For the 10 percent or so who make it through this phase (approximately 8 new members per year), they are then sent on to two months of further training in whcih they are schooled in basic marksmanship (GIGN style), and continued physcial training. In the third month, the recruit is issued his personal weapons and given instruction in long-range shooting. At the end of the six month, the individual is sent on to operate with an actual GIGN unit in the field. Here the most advanced techniques of suspect apprehension, riot suppression, VIP protection, and similar duties. Only at the end of this "probationary" period is the successful operative bestowed his GIGN badge.
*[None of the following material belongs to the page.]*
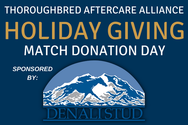 As part of the Thoroughbred Aftercare Alliance (TAA)’s month-long Holiday Giving Campaign, Denali Stud has pledged to match all donations up to $5,000 made to the TAA on Dec. 1, 2022. Denali Stud has contributed funds to the TAA since 2013 and continues to be an aftercare ambassador, representing responsible breeding and ownership within the racing industry.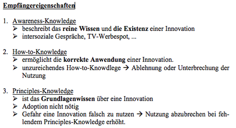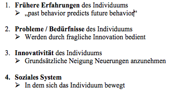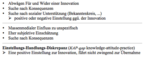 | Wirkung I: Diffusionsforschung Zeit (Mikroebene) Innovations-Entscheidungs-Prozess (Rogers 2003) 1. Wissen: Eigenschaften der Übernehmers | |

During his career, a GIGN operative is expected to maintain his own physical fitness as organized activites are impractical. This is not to say that they are on their own for advanced taining, however. In fact, all operatives are encouraged to learn HALO and HAHO skills (at the French Army's Pau airborne school or with the 11th Abn. at Bareges), high-speed vehicle operation (first at the basic school in Antibes then later at the advanced school run by the French Navy in St. Mandrier and even at Le Mans), skiing (Chamonix), and mountain climbing (Cassis). Additionally, they spend at least two hours each day in firearms training, with the average trooper firing 100 to 300 rounds each day.

It is important to note that GIGN is widely regarded as having some of the best firearms training in the world. It is for this reason that many of the world's special operations and counterterrorist units conduct exchange programs with the GIGN.


----------